# Says too old for job change, fear of financial future...



## mentallydrained (Oct 7, 2010)

So, upon other issues that have distance us, me, I know have an issue of one saying the are "too old' to make a change or find a job! Umm, just turning early 50's.

So, the current job he's been in 25ish years. It's on the outs. Over last year has gone from 150 employees and 2 locations, to 1 location and now down to almost 10 in entire shop. The doors have to close for him to lose job since 2nd in senority.

He does some side work and 10yrs ago I tried to get him to do that full time. He was totally different person when doing just his self employed stuff at one time during his FMLA leave of watching our daughter. But, he was too afraid. Said it was nice to have secure job, go in do work and leave. His self employment is a job where business is kind of seasonal. Could have good month then be slow.

So, now that the economy is crap, the job is looking to be ending any time, a huge company that we know is hiring and has excellent benefits and decent wage (more than what he actually makes after 25 yrs) he states they won't hire he's too old! Even though we know someone who is only 5yrs younger that just got hired. Yes, he may have to pick 2nd or 3rd shift but the potentional for it being temporary is high.

So, finally got him to agree to resume and sent in prior to Thanksgiving. They sent email stating they got it, would get back to him after holiday as they would be out. They never did. I told him to contact them. He never did. He says they said they would contact me. We banter back and forth so I give up!

He states I use to support him in doing his own thing. Now I don't. Well, the economy 10yrs ago was like night and day compared to now. He will have no retirement, life insurance, (other than one we have now which won't pay off everything) and health benefits can go through my job but cost is double out of pocket for our portion and benefit plan a lot higher deductible. PLUS, anything could happen to me as easy as him.

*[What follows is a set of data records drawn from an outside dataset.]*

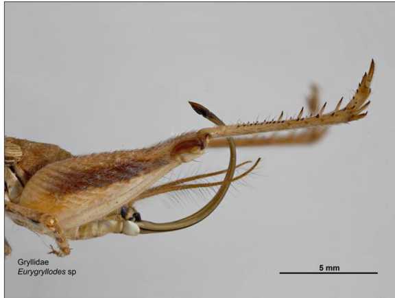
Site N17: Western Australia: Barrow Island 6 May 2006 S. Callan R. Graham. Det DCF Rentz, 2008 Hindleg Image - Female: Sarah McCaffrey Museum Victoria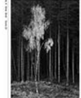
08 Silver Birch. Irene Froy.jpg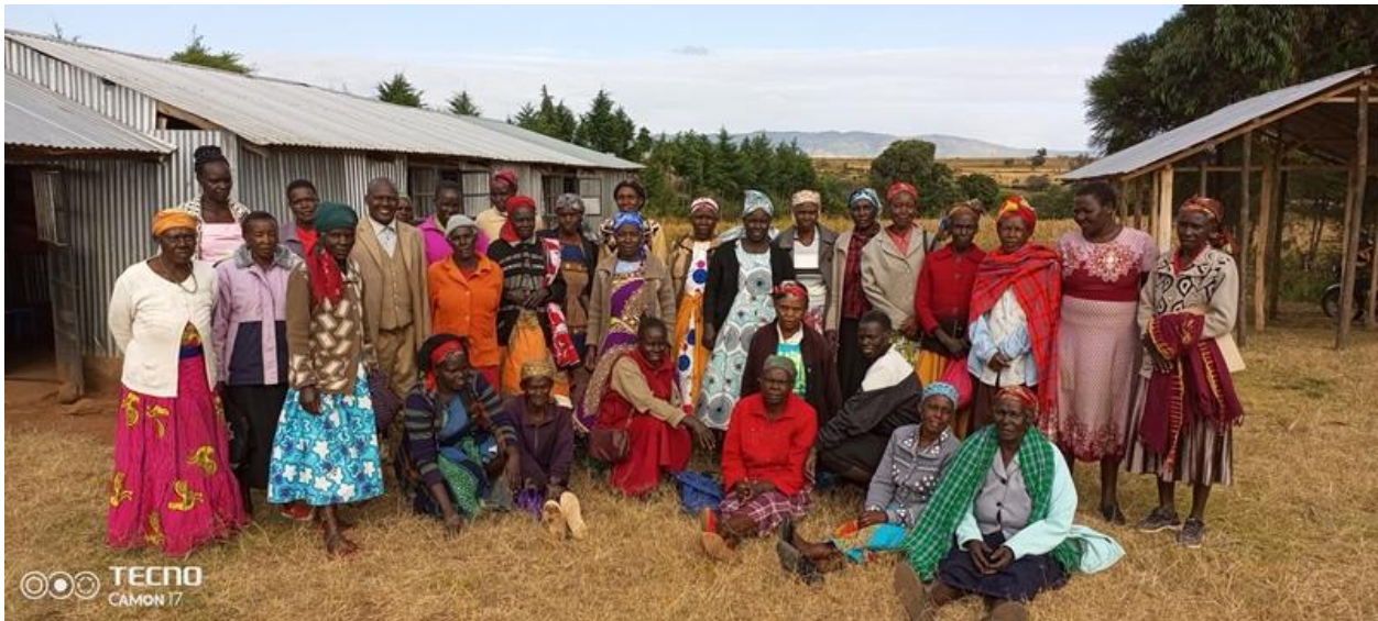
After a meeting at Mt. Olives

We do praise God for this group of widows/widowers whom he us opportunity to work with the number has been increasing rapidly. Though like any other group they were affected by December activities. God has been faithful to them in all areas though we need to be encouraging them always to stay in the word of the lord. They have decided to start projects, starting chicken rearing; followed by bee keeping, sheep keeping as they grow to keep cows among others. We trust the lord on this to support them and also encourage them to depend on themselves. Below are some of the pictures during meetings.

Just because I'm 11yrs younger doesn't mean anything. I get in a car wreck or something who knows! IF that were to happen, he has nothing for him and our daughter, if he loses his job. 

He always says he's too old. I've had a few people say I act way older than I am as well. And I feel it. I feel 10+years old and I hate it. I don't want to be this way. Mom says to stay on him but I feel he needs to want to do it. Not because I push him. I don't want him taking a job in resentment of me and hating each day he wakes up. I want him to do this for him and our daughter for stability of future. He's NOT too old! 

Just another layer to my brick wall. Just venting sorry. Not sure what I'm looking for anymore.


----------



## turnera (Jan 22, 2010)

You can't make him want to change. I spent 6 years trying to get my husband to do the same thing. Now, when our finances are so bad we're close to bankruptcy, he STILL isn't doing anything.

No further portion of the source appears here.